Medicine truly has come a long way in terms of how diagnoses are conducted, how patients locate and communicate with doctors, how payments are made, etc. Our society seems to be so forward-thinking that we can’t, or don’t seem to have the time to, recall all of the great things that have been achieved in healthcare. The movement towards EMRs marks yet another milestone that will have its bumps for many, but in the coming years I think those who implemented them will look back and appreciate that technological feat.
As a patient and mom-to-little-patients, I’ve definitely found the internet has changed so much about my thinking when it comes to research and doctors’ appointments.
When I had PIH with my first pregnancy and Grace was a premie and SGA, I used what I could find on the internet to reassure me. What I found made me feel so much better about my brand-new firstborn, especially when the neonatologist just didn’t have much spare time during rounds (understandably…not complaining) to reassure a very nervous new mom. So what I could find then was very helpful, and assisted me in whittling my million questions down to the critical few.
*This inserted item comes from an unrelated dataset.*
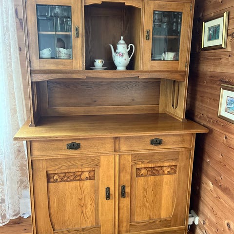 Gammelt vitrineskap i tre med glassdører

Back when I got my glaucoma diagnosis–in the dinosaur days of the “worldwide web”–I tried, but couldn’t find much about the disease online. That’s probably good, since I had to talk to my opthalmologist and a friend who was finishing his residency, ask all my questions that way, and not scare the bejesus out of myself reading all the stories I find out there now.
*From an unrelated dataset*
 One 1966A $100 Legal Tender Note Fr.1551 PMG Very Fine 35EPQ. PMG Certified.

When I got my retinitis pigmentosa diagnosis earlier this year, though, I burst into tears after googling that disease and reading about people no longer able to drive 3 months post-diagnosis. So that just scared me, without really benefiting me in any way. I think that’s a downfall of information on the web; if it’s not ultra-general, it’s often from folks who have had really bad experiences and thus are motivated to post.
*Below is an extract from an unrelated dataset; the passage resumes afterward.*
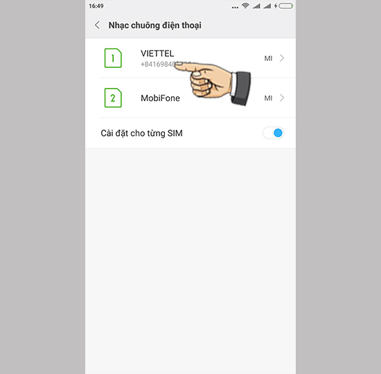 Bước 3: Chọn Sim để cài đặt nhạc chuông.

Though I do research my kids’ conditions and symptoms, I think I’m kind of a closet researcher; I never want to tell the doc that I searched and read all over the web, for fear of looking like I think I’m an armchair physician and as though I’m trying to second-guess his/her expertise. I think like most parents, I just want to know all I can…not wanting to say, “I saw such-and-such on the internet last night” does complicate things, though. Sometimes, I walk away from an appointment wondering how I could have somehow asked about something I read without looking like I doubted what the physician said. My parents completely relied on the mom-grapevine and the doctor, whether that was right or wrong. Now, I feel like I need to find a balance between doing my due diligence and giving full weight and respect to what our physicians tell us.
–Don’t know if that is at all the info you’re looking for, but wanted to share! I could go on and on with the examples, but I think I’ve taken up enough space already…apologies for the comment length, and thanks for reading!
As a stroke survivor I don’t think I could have survived 20 years ago with out the internet and the ability to connect to other survivors who have all the needed information. Doctors in this case are completely befuddled and out-of-date. The world is changing too fast for the current static information delivery dispensation, which takes 20-30 years to be disseminated. For settled diseases this may be ok.